Beauty pageants - some associate them with antiquated, even sexist ideas about womanhood. But a new pageant on the African continent celebrates transgender women, many of whom live in places deeply hostile to trans people. This year, the contest crowned its first-ever winner, Chedino Rodriguez Martin, a pageant veteran from Cape Town, South Africa. A technicality forced her to represent a country other than her own in the Miss Trans Africa pageant. When we chatted on Skype, she told me that presented an unexpected opportunity.

CHEDINO RODRIGUEZ MARTIN: I had to choose another country on the African continent that was not taken, and I ended up choosing Egypt. I just felt that I had these Cleopatra vibes from back in the day, and I definitely knew that I'd be able to pull that look off for my national costume. I think it was written in the stars for me to have to end up representing another country, because sometimes we become so oblivious to what's happening in other countries around us. We are so fixated and focused on our own issues and own problems that I had no idea that these transgendered women in other African countries was basically suffering and going through so much.

FADEL: Yeah, I mean, Egypt, unlike South Africa, doesn't have any type of protections - has definitely not legalized same-sex marriage, for example. What were you thinking representing a country where you've realized, oh, wow, that doesn't exist for people in the country I'm representing?

MARTIN: In the beginning, I had a lot of mixed emotions. I started feeling that my representation could most probably be a stepping stone to the change that trans women in Egypt so desperately wishes and longed to see. And if my voice and my representation could create the change they all longed for, then I was all for it.

FADEL: What is the significance to have a pageant on the continent of Africa specifically for trans women?

MARTIN: I think that is big. I think it's mammoth. Everybody normally focuses on either the cisgender pageants or gay pageants. So the trans pageants or trans women in general has not had the platforms to literally participate in these beauty pageants and use their platforms to raise their voices and their concerns so that the world in general could be more educated in knowing what we are going through, what we deal with on a day-to-day basis, and basically navigate ourselves through finding new ways to better things for us and generations to come.

FADEL: So you have done so many pageants, and I've read that you've been captivated by beauty pageants since you were a kid. If you could talk about what it is about this that you love.

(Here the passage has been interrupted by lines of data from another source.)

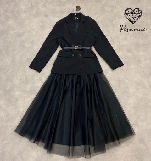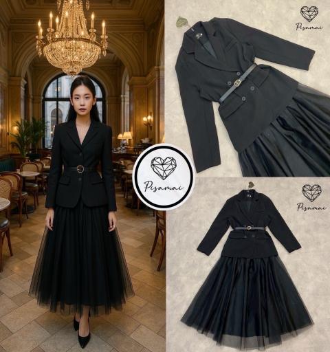 เซ็ตเสื้อสูทเบเซอร์ oversize ทรงเป๊ะ มาคู่กับกระโปรงฟูตังยาวสีดำ
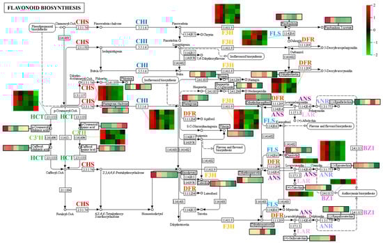 In total, 199 flavonoid compounds were detected in hawthorn fruit (Figure 7), including flavonoids, flavanones, flavonoid carbonosides, flavanols, chalcones, anthocyanidins, flavonols, and flavanonol metabolites. Compared with the S1 period, most flavonoid levels decreased during the S2 period and a few increased during the S3 period; subsequently, significant reductions in numerous flavonoids were observed during the S4 and S5 stages (Figure 6 and Figure 7), indicating the inhibition of flavonoid biosynthesis during fruit ripening.
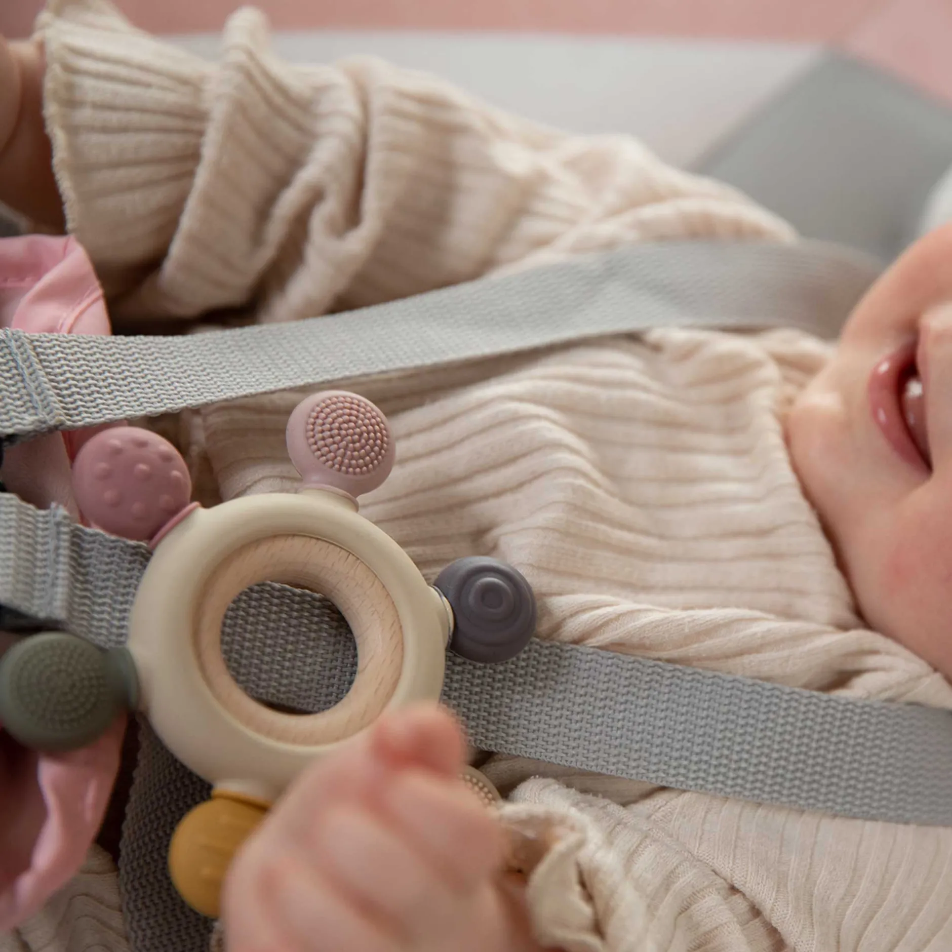 La partie en silicone de l’anneau présente une variété de textures et de formes, soulageant les gencives sensibles de votre bébé et stimulant ses sens au fur et à mesure qu’il explore. Avec son design simple mais élégant et sa gamme de couleurs douces et agréables, notre anneau multisensoriel plaira certainement aux bébés comme aux parents.
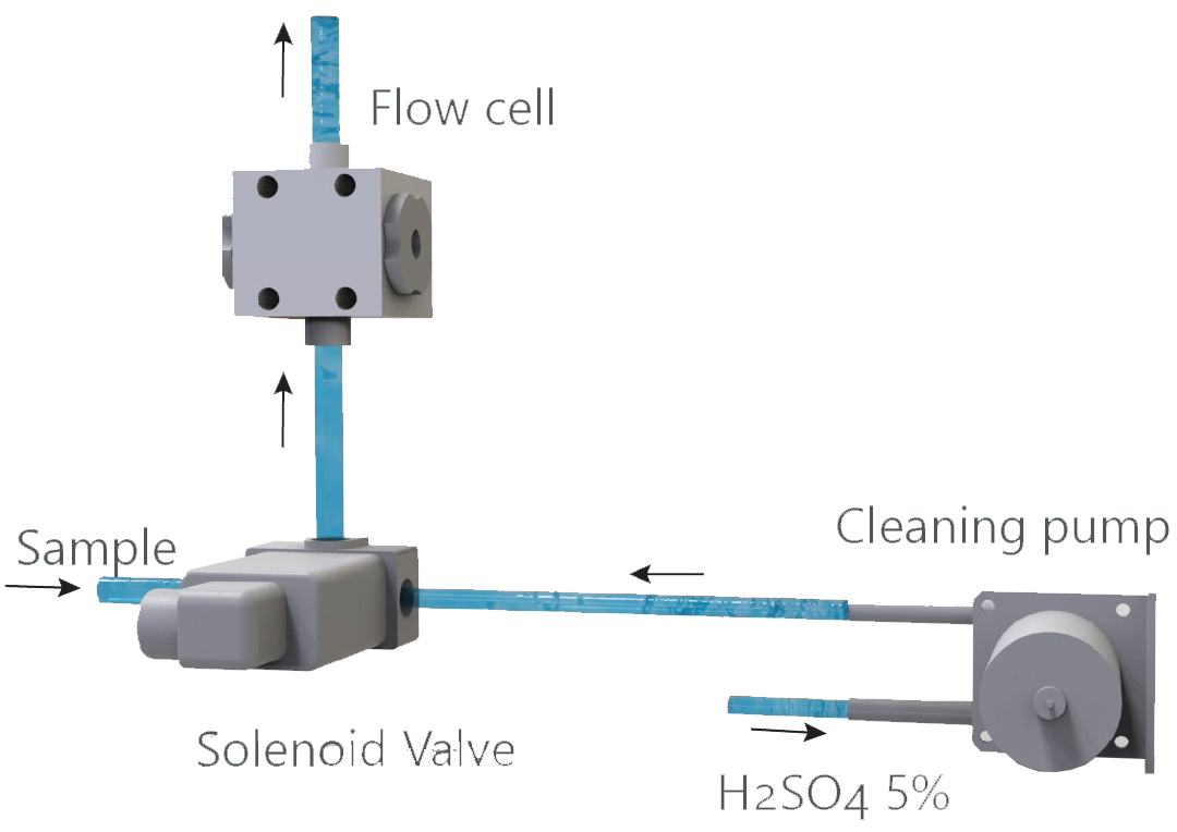 - The patented flow cell allows very high level of suspended solid without clogging. The turbidity is automatically compensated by a dual-wavelength method.

MARTIN: It's the style, the poise, the grace (laughter). For most people that's unspoken elements. But for me, the way you walk, the way you talk and the manner you present yourself...

FADEL: Yeah.

MARTIN: ...Has such a uniqueness to it. I've always dreamt of representing my country on an international stage, and I didn't know how to do that. Back then, I didn't even know that I was transgendered. But whilst doing that pageantry, I still felt like something was missing.

FADEL: What was it?

MARTIN: I would be called a drag queen or femme gay and so forth. And I just felt like, that is not me. I read an article and I realized that I'm actually transgendered. So once I started doing all the necessary research and getting the proper help, that affected my pageant career. When I started transitioning and started - with all the changes started happening, I then started being ousted by my very own community that once loved and adored me due to the fact that they now felt that I have way too much of an advantage to still compete with them. They felt that I now needed to compete in cisgender pageants. And cisgender pageants felt that, oh, but you were born male, so you need to stick to gay pageantry, et cetera, et cetera.

So that pushed me in a direction where myself and my husband then co-founded and started our very own pageant, which is called the Miss LGBTIQA+ Calendar Girls Pageant, which was open to transgendered women. Whether you identify as being gay, drag, lesbian or whatever, the pageant was open to all of those because I did not want anyone to feel the way I felt. I did not want to discriminate against anyone.

FADEL: Do you feel different participating in a transgender pageant than you did...

MARTIN: Most definitely.

FADEL: Yeah. Because this was you. This is...

MARTIN: Most definitely.

FADEL: Yeah.

MARTIN: And the mere fact that I could walk around loud and proud and keep my head held high with this sash that says Miss Transgender South Africa - my word. If I could literally explain how that feels and how that still makes me feel - just saying it out loud - it's just sickening. It's insane. It's so liberating.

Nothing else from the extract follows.